[Start of Attachment]

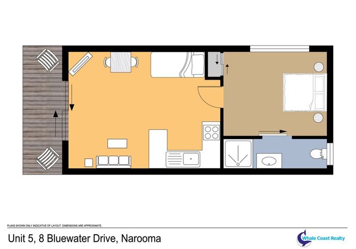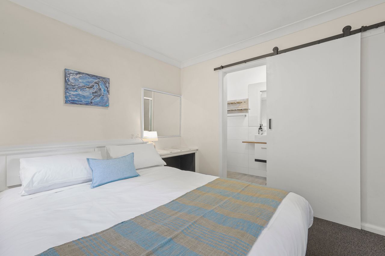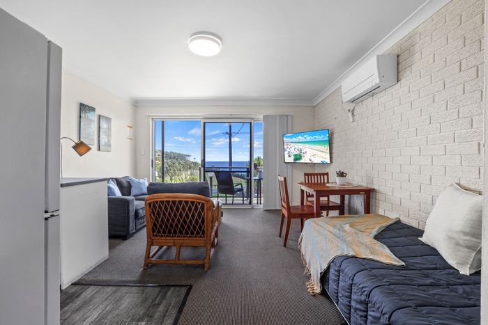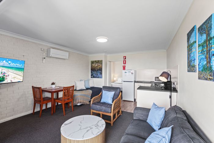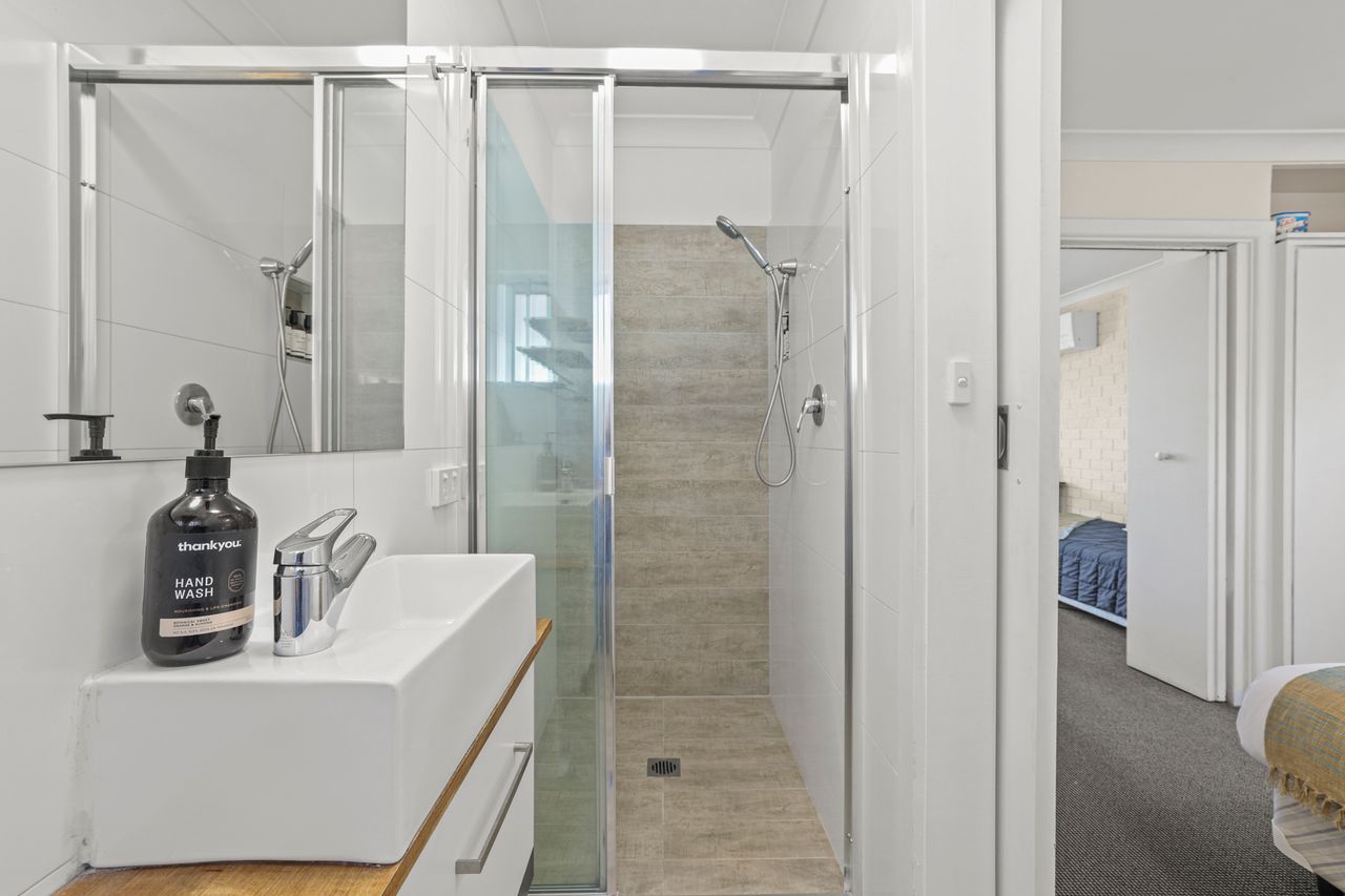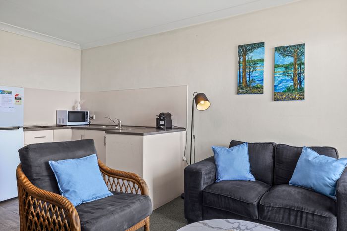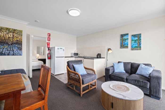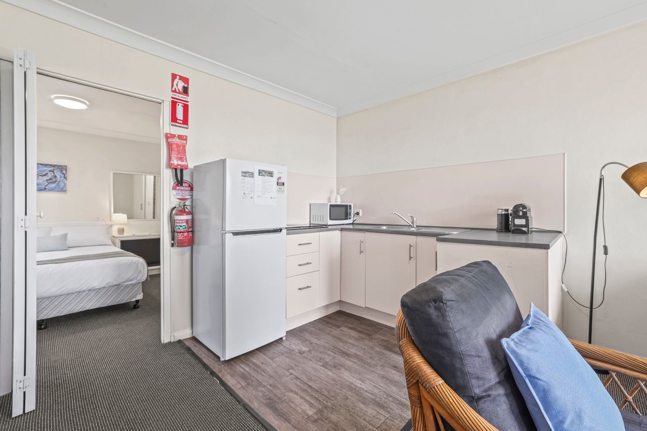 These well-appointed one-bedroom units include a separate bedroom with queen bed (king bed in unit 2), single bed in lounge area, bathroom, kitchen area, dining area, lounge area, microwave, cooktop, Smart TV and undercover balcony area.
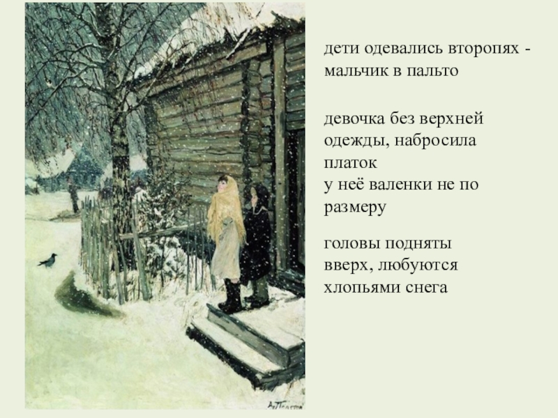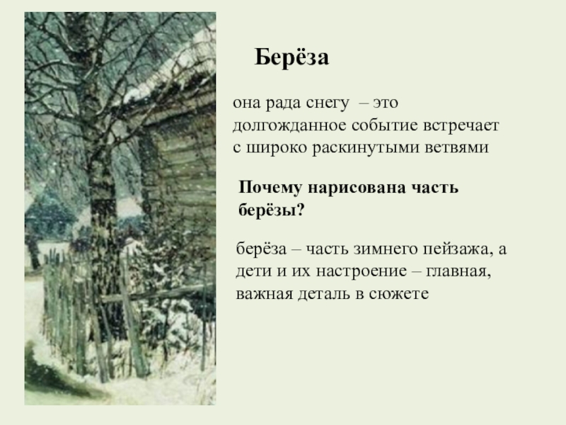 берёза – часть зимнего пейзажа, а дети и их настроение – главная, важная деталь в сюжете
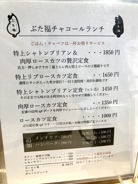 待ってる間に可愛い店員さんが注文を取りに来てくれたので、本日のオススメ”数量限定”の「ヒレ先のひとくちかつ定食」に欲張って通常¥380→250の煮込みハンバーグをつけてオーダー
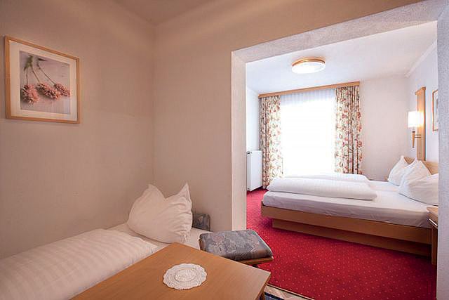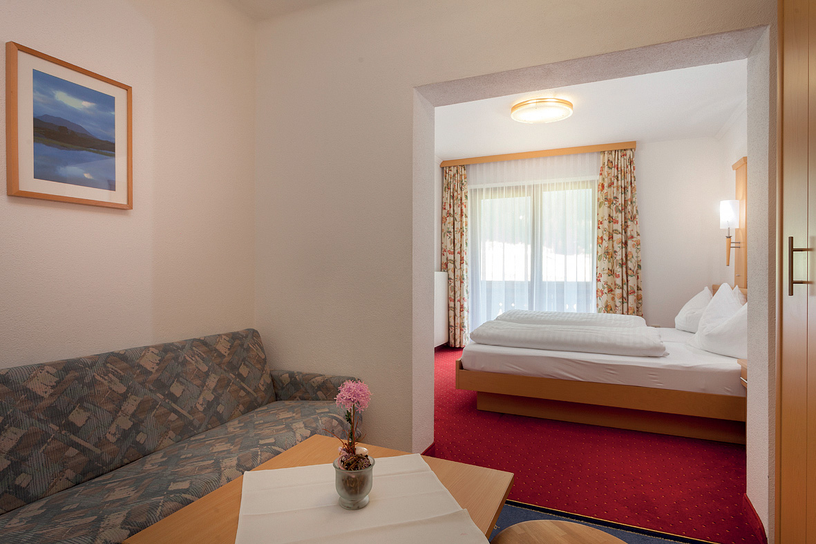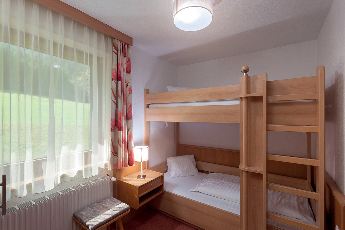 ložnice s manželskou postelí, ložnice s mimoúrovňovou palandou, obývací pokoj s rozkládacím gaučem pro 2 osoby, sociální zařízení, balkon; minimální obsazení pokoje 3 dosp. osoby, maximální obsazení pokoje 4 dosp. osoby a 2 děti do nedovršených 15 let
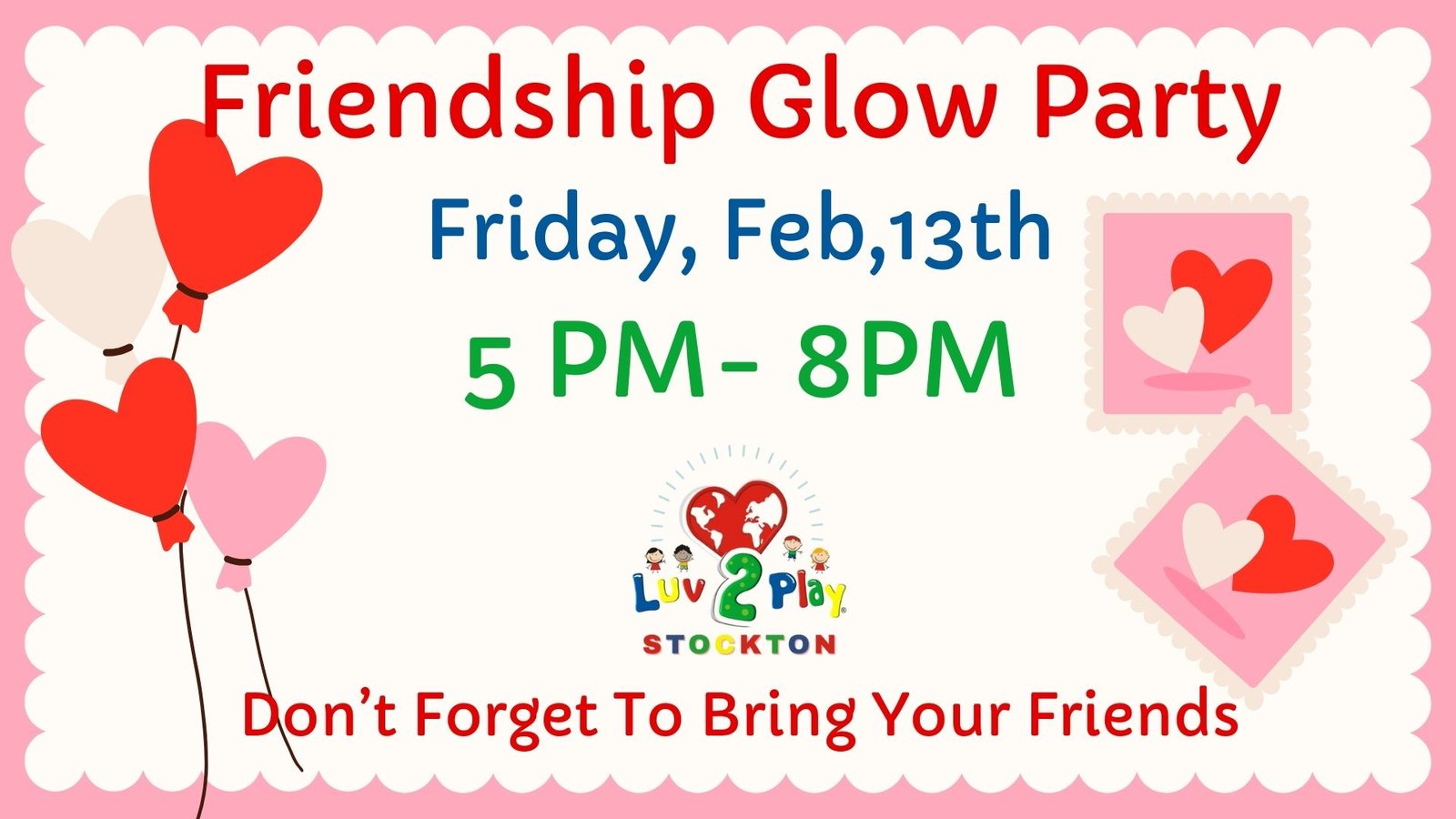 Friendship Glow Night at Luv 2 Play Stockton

[End of Attachment]

- [Exercise details] The line with "待ってる間に可愛い店員さんが" marks the end: restate word for word every line from the top of the data through that one, omitting pictures.

- [Task solution]
 These well-appointed one-bedroom units include a separate bedroom with queen bed (king bed in unit 2), single bed in lounge area, bathroom, kitchen area, dining area, lounge area, microwave, cooktop, Smart TV and undercover balcony area.
 берёза – часть зимнего пейзажа, а дети и их настроение – главная, важная деталь в сюжете
 待ってる間に可愛い店員さんが注文を取りに来てくれたので、本日のオススメ”数量限定”の「ヒレ先のひとくちかつ定食」に欲張って通常¥380→250の煮込みハンバーグをつけてオーダー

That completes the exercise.